Since around 1970, many additional membranes with identical selectivities to several other ions have been produced. These are used in a variety of industrial, environmental and biochemical applications.
Nerve Conduction As A Nernst Equation Application
Signals are sent via the nervous system not by charge carriers moving through the nerve, but rather by waves of various ion concentrations travelling down the length of the nerve. Protein-based channels & ATP-activated ion pumps specific to the K+ and Ca2+ ions minimise concentration gradients.
Our nerves are commonly thought of as the body’s wiring, however, the “electricity” they send is a quickly travelling wave of depolarization including the movement of ions across the neuron membrane, not a stream of electrons.

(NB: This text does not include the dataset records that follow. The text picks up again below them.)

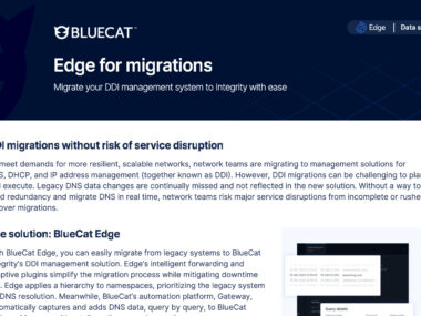 With BlueCat Edge, you can easily migrate from legacy systems to BlueCat Integrity’s DDI management solution. Edge’s intelligent forwarding and adaptive plugins simplify the migration process while mitigating downtime risk. Edge applies a hierarchy to namespaces, prioritizing the legacy system for DNS resolution. Meanwhile, BlueCat’s automation platform, Gateway, automatically captures and adds DNS data, query by query, to BlueCat Address Manager without disrupting normal operations.
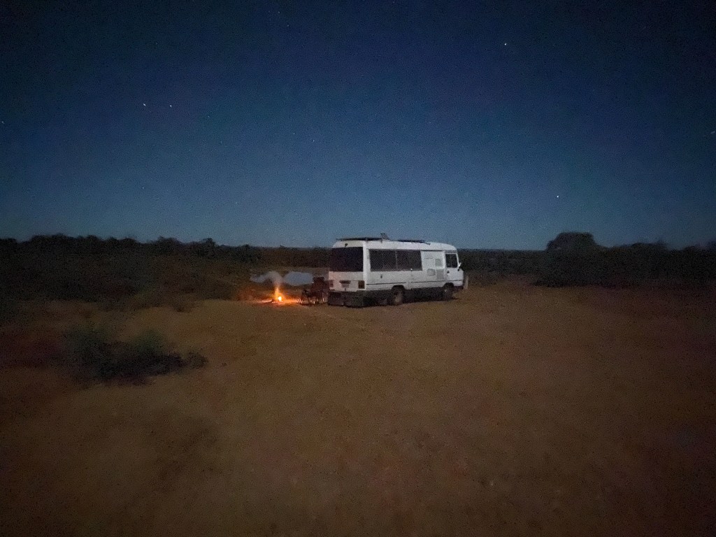I found a camp area beside the road but there was a dirt road “No Through Road” off to the side so decided to go down there looking to see if we could get close to the Mackenzie River, finally found a top spot which looked a bit like an old quarry overlooking a couple of dams. It was an idyllic stop and quite secluded apart from the farms along the roadside. I knew the dam would be on private property but thought the quarry would be “public space”. Anyways we set up camp and with plenty of wood about we had a fire each night. We saw the adjacent farmer coming and going each day on his quad. The second evening he came up to us. He was friendly enough but said we were on his land and we could stay that night but could we leave the next morning. He said he didn’t mind campers but his house was just over the hill at the back of us (out of view) but as his wife was home alone most of the day she was a bit unnerved with strangers around. He was really on fire a chat and was very kind to let us stay the extra night. I scrawled a “Thank You Scott” in the dirt when we left the next morning.
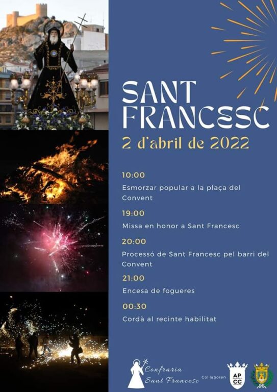 El porper dissabte 2 d’abril, Castalla celebrarà la festivitat de Sant Francesc amb diverses activitats, totes concentrades en la vesprada d’aquest dia. Una programació d’actes religiosos i populars, fogueres i cordà en el recinte habilitat, perquè tots el veïns i visitants puguen gaudir d’un dia d’alegria i festa.
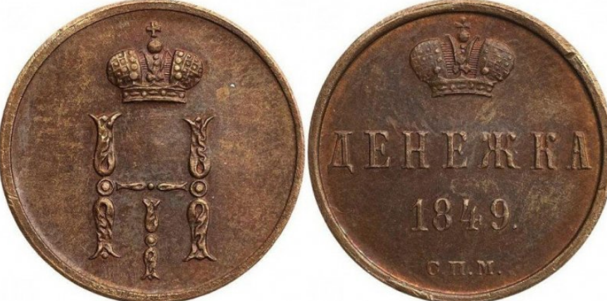 В 1849 году монетная стопа становится 32-рублёвой (из пуда чистой меди чеканится монет на сумму 32 рубля). Четверти копейки возвращают её прежнее имя – полушка. Казалось бы, вернётся и деньга. Но нет, на этот раз она зовётся более нежно и длинно – «денежка». Пробную чеканку новой медной линейки производят в столице. Доказательство этому – буквы «С.П.М.» («Санкт-Петербургская монета») на реверсе.

The typical potential difference between both the inner and outer sections of nerve cells is around –70 mv. A lowering of this potential difference to around –20 mv initiates nerve impulse transmission. The inflow of these ions induces the membrane potential of the neighbouring segment of the nerve to collapse, resulting in an effect that is transferred along the nerve’s length.
Conclusion
Here’s a quick summary of Nernst equation applications.
Although atmospheric oxygen is a powerful oxidizer, in the absence of a proper catalyst, the redox reaction is usually too slow to notice. Solubility products are frequently determined by building a cell with the sparingly soluble salt as one of the electrodes as well as the net cell equation corresponding to the solubility reaction. Potentiometric titrations are commonly employed to determine the amounts of easily oxidised or reduced species. The pH is measured using an electrode consisting of a layer of glass membrane wherein Na+ ions are swapped for H+. Nerve conduction is governed by the coordinated activity of active channels that regulate the movement of ions (mostly K+ and Na+) across the membrane covering the nerve, rather than by a current that flows through the nerve.